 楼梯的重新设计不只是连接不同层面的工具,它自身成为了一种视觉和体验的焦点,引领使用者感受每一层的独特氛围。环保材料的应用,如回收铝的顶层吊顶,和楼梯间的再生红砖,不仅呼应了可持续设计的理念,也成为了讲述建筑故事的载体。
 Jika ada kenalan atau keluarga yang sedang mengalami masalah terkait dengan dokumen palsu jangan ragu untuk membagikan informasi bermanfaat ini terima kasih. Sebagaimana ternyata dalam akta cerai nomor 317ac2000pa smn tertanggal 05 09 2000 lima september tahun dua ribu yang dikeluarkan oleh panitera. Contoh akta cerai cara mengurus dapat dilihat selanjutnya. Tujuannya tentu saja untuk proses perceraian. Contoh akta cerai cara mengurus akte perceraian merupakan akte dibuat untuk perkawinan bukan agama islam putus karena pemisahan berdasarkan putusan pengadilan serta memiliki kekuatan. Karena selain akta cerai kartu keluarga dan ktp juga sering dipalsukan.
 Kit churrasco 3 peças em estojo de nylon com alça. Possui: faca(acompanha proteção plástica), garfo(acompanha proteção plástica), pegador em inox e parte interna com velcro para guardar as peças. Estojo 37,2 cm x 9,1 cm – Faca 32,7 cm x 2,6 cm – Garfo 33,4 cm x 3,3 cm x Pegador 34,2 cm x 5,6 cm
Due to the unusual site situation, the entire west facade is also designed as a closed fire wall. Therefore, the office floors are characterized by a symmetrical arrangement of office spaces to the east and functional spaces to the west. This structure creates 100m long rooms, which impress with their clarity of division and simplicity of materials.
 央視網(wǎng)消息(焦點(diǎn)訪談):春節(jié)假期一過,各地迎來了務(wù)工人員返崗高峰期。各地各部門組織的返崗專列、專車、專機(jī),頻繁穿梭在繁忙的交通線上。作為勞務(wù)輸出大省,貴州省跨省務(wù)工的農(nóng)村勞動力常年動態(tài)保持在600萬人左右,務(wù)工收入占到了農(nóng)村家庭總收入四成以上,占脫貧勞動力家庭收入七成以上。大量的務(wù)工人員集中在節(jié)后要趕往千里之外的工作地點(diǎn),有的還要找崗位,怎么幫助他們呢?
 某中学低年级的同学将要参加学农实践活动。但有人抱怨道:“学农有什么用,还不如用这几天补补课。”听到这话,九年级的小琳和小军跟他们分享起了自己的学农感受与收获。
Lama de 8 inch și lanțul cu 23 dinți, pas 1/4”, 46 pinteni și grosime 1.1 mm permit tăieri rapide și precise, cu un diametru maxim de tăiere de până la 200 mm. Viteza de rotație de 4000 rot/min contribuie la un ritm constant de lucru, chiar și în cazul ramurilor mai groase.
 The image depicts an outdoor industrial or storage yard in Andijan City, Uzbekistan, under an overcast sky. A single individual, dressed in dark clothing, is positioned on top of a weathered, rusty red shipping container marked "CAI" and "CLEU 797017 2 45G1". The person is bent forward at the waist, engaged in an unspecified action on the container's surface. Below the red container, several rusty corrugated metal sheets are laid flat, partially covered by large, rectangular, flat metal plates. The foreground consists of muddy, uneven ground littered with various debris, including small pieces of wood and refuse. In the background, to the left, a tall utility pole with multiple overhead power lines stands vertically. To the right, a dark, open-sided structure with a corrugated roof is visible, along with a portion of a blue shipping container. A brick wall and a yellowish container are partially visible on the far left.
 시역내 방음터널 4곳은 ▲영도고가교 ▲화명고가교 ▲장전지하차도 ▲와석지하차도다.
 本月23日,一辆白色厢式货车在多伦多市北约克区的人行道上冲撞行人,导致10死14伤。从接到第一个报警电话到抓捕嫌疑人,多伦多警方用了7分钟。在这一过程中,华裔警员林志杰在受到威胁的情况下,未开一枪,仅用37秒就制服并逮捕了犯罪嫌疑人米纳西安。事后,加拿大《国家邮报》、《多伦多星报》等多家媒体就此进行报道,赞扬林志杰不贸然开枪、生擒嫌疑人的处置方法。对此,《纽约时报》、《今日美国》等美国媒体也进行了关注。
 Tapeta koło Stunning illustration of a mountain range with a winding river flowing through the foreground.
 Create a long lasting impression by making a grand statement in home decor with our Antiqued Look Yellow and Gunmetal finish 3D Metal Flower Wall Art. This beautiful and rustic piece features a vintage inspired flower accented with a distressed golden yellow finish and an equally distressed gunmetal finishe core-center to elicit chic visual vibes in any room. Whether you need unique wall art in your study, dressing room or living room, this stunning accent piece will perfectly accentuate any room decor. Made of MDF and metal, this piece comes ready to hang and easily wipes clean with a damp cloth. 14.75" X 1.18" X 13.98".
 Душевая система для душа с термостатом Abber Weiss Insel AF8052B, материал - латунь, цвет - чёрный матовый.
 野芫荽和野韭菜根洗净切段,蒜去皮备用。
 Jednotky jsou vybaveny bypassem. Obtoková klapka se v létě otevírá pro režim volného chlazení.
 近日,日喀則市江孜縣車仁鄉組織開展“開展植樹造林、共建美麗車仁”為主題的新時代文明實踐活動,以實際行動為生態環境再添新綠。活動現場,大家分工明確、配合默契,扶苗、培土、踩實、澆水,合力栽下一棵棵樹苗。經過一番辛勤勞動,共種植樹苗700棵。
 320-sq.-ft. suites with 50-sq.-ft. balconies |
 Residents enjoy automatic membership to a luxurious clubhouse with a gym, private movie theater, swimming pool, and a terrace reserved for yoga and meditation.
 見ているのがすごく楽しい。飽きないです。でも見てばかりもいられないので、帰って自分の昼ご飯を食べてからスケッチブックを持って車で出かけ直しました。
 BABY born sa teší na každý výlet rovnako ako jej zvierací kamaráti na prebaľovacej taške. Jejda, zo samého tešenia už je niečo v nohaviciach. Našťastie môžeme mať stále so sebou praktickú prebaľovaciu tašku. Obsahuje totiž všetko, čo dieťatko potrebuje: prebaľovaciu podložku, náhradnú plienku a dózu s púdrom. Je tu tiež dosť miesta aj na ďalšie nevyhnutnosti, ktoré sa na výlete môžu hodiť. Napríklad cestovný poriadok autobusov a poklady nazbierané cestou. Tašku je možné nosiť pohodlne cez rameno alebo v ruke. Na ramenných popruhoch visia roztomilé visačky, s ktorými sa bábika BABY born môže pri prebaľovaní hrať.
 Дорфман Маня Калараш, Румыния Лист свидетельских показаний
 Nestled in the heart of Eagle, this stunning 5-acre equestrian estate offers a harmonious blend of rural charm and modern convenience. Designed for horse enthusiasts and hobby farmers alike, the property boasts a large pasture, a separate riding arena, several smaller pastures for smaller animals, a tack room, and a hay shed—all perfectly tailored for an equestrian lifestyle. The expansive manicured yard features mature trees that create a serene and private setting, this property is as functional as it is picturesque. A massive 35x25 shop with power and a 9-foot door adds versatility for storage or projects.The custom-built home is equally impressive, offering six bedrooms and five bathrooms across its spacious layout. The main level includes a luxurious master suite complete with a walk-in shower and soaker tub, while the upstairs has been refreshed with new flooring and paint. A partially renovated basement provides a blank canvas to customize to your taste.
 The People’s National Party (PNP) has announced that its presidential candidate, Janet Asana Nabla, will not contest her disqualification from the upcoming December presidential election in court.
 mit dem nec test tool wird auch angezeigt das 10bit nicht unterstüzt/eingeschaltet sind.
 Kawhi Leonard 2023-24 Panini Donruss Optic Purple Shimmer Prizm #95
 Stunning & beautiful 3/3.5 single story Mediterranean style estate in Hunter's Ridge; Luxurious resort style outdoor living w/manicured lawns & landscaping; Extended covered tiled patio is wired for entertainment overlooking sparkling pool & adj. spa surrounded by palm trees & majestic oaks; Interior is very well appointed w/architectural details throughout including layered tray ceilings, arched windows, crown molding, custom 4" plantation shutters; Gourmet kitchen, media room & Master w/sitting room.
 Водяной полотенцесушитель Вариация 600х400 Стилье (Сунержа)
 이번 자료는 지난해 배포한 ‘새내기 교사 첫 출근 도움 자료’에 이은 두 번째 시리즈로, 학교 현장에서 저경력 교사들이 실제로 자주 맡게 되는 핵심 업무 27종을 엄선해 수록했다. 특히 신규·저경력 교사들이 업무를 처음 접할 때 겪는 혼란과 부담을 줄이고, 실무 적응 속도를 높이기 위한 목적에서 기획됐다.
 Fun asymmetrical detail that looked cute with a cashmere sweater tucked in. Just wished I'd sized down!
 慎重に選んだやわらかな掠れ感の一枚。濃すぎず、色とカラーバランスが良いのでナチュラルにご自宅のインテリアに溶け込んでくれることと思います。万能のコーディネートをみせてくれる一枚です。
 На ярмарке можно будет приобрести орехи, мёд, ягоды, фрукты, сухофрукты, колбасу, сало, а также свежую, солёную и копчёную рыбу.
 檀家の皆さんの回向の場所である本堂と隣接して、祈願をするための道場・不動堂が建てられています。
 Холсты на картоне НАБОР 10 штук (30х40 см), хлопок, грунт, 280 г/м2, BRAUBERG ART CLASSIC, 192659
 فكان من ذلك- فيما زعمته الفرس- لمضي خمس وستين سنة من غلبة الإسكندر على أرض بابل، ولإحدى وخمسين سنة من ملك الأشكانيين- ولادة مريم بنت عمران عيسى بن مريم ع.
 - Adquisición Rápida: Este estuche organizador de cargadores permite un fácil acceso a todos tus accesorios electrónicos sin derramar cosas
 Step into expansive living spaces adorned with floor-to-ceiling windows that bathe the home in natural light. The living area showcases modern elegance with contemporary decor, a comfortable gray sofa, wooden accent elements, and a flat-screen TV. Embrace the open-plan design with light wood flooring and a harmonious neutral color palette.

○ ○ ○ ○ ○

Copy out only the lines of the records above from the one with "BABY born sa" through the one with "Дорфман Маня Калараш, Румыния", exactly as they stand, both included.

 BABY born sa teší na každý výlet rovnako ako jej zvierací kamaráti na prebaľovacej taške. Jejda, zo samého tešenia už je niečo v nohaviciach. Našťastie môžeme mať stále so sebou praktickú prebaľovaciu tašku. Obsahuje totiž všetko, čo dieťatko potrebuje: prebaľovaciu podložku, náhradnú plienku a dózu s púdrom. Je tu tiež dosť miesta aj na ďalšie nevyhnutnosti, ktoré sa na výlete môžu hodiť. Napríklad cestovný poriadok autobusov a poklady nazbierané cestou. Tašku je možné nosiť pohodlne cez rameno alebo v ruke. Na ramenných popruhoch visia roztomilé visačky, s ktorými sa bábika BABY born môže pri prebaľovaní hrať.
 Дорфман Маня Калараш, Румыния Лист свидетельских показаний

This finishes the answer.